◆ Task item:
If a record below holds a picture, drop the picture and restate everything else word for word.

+-------+

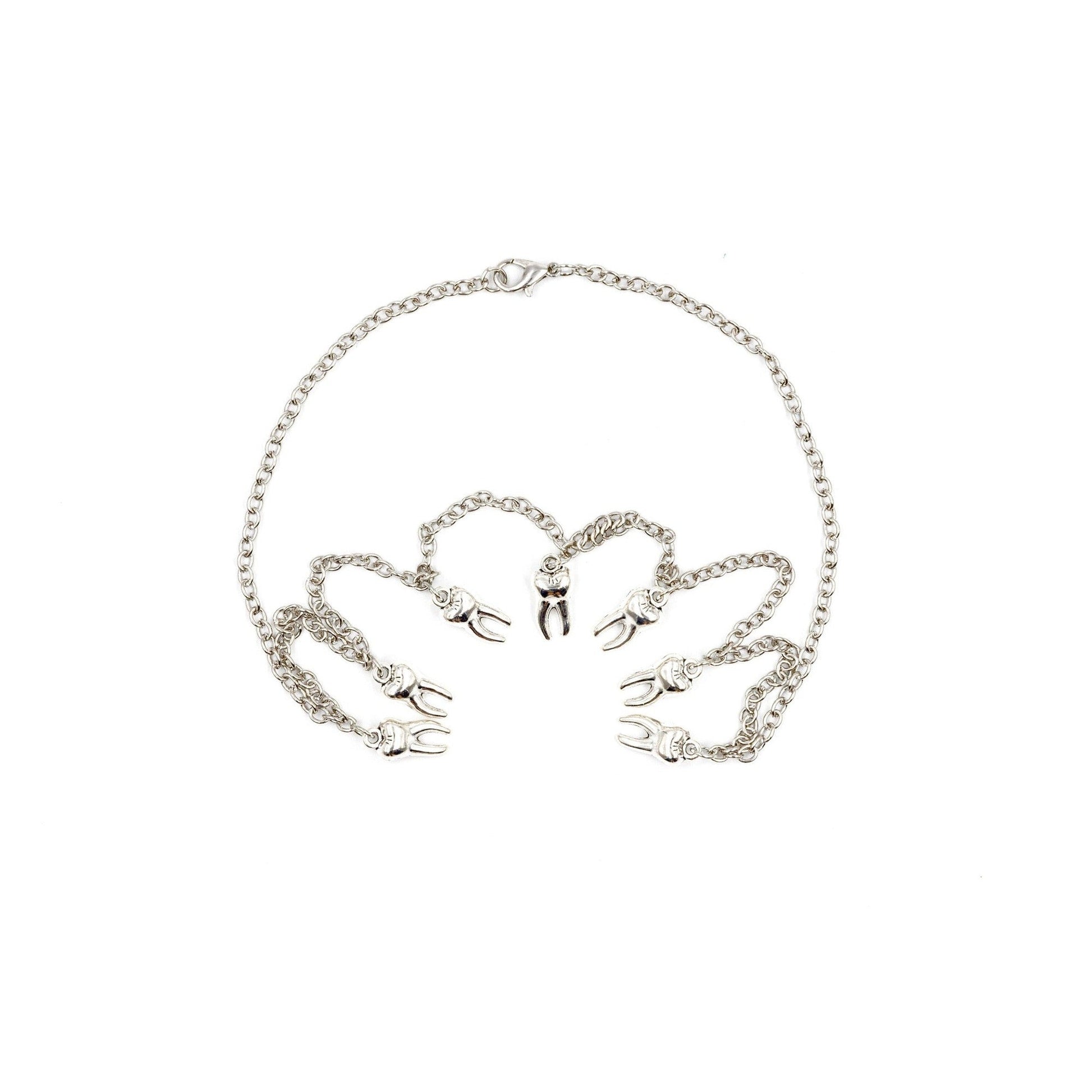 Seven man-repelling tooth charms decorate this 19-inch silver chain ending in a lobster clasp.
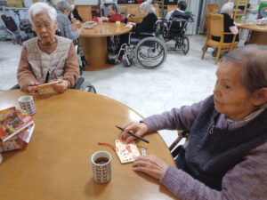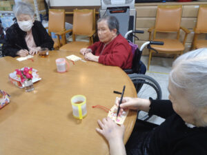 皆さんが作られた絵馬は、それぞれの居室の入口に掲示しています!
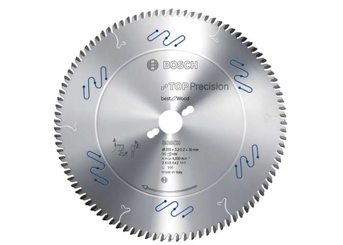 - Bosch Top Precision Best for Wood 450х30х4.4 мм, 66Т - високоякісний інструмент, призначений для чистого і точного різу деревини (тверді та м'які породи, ДСП, фанера, столярні вироби).
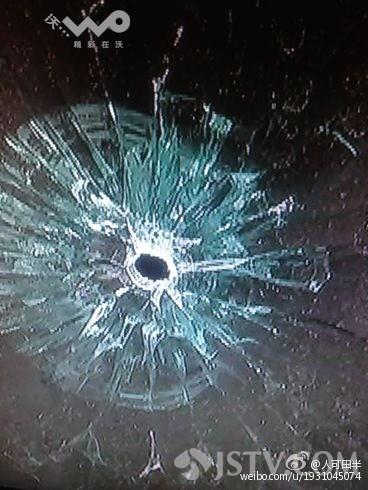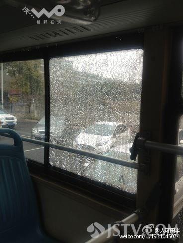 在第二次遭袭的52路车身上、可以看见一个明显的弹孔,由于威力巨大,两辆车的钢化玻璃全都粉碎,不得不临时停运。
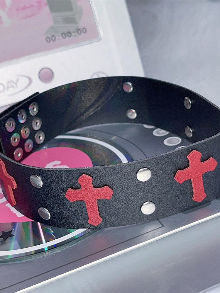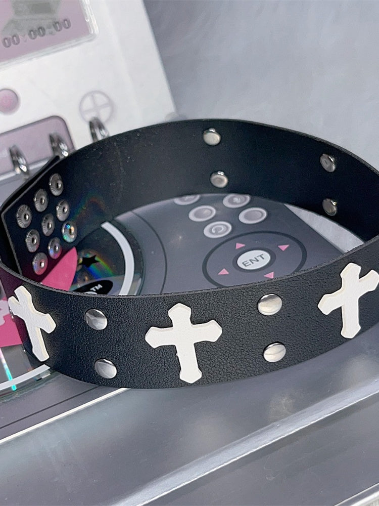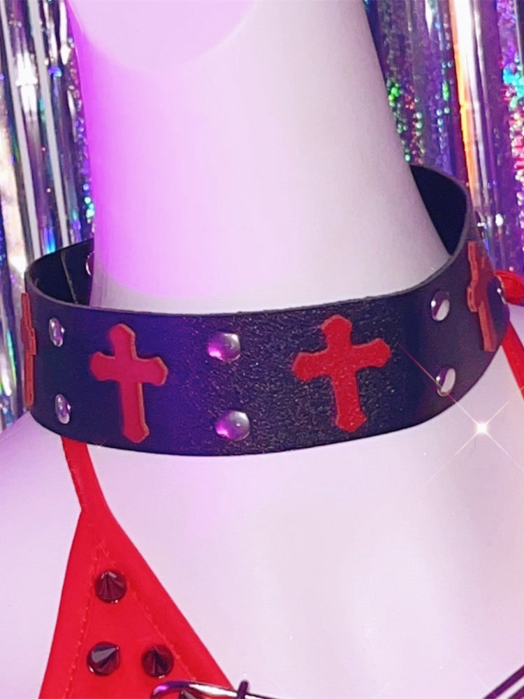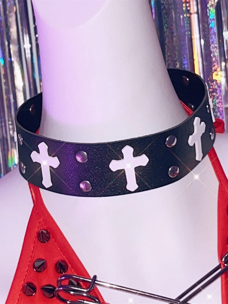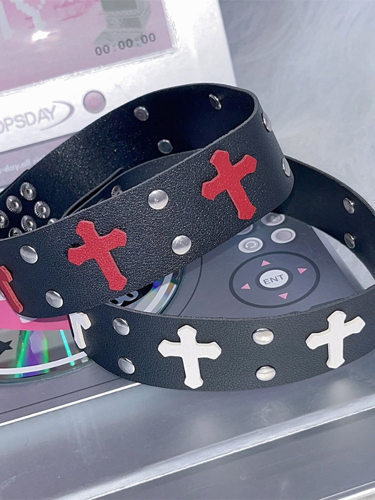 ホワイト/レッドクロススタッドディテールパンクチョーカー
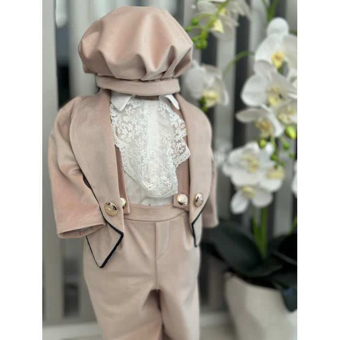 Costum de botez pentru băieți, disponibil în mărimi variate. Fabricat în România din materiale premium, ideal pentru un eveniment elegant.

+-------+

◆ Answer to this problem:
 Seven man-repelling tooth charms decorate this 19-inch silver chain ending in a lobster clasp.
 皆さんが作られた絵馬は、それぞれの居室の入口に掲示しています!
 - Bosch Top Precision Best for Wood 450х30х4.4 мм, 66Т - високоякісний інструмент, призначений для чистого і точного різу деревини (тверді та м'які породи, ДСП, фанера, столярні вироби).
 在第二次遭袭的52路车身上、可以看见一个明显的弹孔,由于威力巨大,两辆车的钢化玻璃全都粉碎,不得不临时停运。
 ホワイト/レッドクロススタッドディテールパンクチョーカー
 Costum de botez pentru băieți, disponibil în mărimi variate. Fabricat în România din materiale premium, ideal pentru un eveniment elegant.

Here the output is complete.